奇矯なトリックスターがいよいよその本質をエクストリームに剥き出しにしてきた本作。強烈なフェティシズムを見せつけるヴィジュアル・アートワーク、激しさから優しさまでをダイナミックに行き来する楽曲群。それらはストレンジな原色の色味を強調しながらも、実は内に眠る愛憎混濁した歪な感情を表現した、極めて生々しくエモーショナルなもの。トレードマークのギターサウンドこそ後退したものの、そのぶんアクの強いエレクトロサウンドが前面に押し出され、以前とはまた別次元のバロック感へとシフト。結果的に更なる深みへと到達した問題作です。

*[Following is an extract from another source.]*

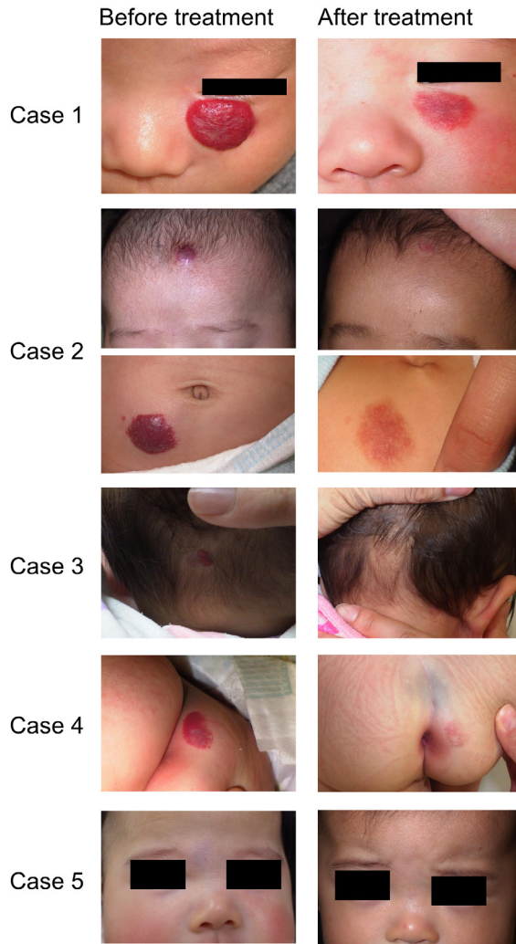
Figure 1. Clinical images of patient with infantile hemangioma included in this study. (left) Cases 1-5 before the treatment with propranolol, (right) Cases 1-5 during the propranolol treatment.

be increased during the treatment, albeit statistically insignificant. We found significant difference in the decrease of PDGF-BB levels during the treatment (Figure 3, p < 0.05 ).

St. Vincent - "Los Ageless" (Official Video) - YouTube




1. PUNPEE 「MODERN TIMES」

MODERN TIMES

イントロから終幕までが一本のストーリーで繋がれたコンセプチュアルな内容は、彼がいかに一枚の「オリジナルアルバム」を作ることに意識的だったかが汲み取れるし、その流れの中で彼はポップな面もエモーショナルな面もふざけた面も、多様な要素を全て綺麗に詰め込んでる。ゲスト参加も在るべくして在るという感じで、こんなに様々なピースが綺麗に揃った作品というのはそうそうないでしょう。待望のファーストに相応しい、力は抜けてるけど聴き応え抜群の内容でした。すでにヒップホップシーンでは評価の確立されている存在ではありますが、フリースタイルダンジョンとは全く無関係の場所からアルバムをリリースしてオリコン TOP10 に食い込むというのは、ひょっとして本当に日本にもヒップホップの風が吹いてる?時代の変わり目?とか思わされますね。

MODERN TIMES by PUNPEE on Spotify




以上が今年のベスト記事となります。お付き合い頂いた方々に深い感謝を。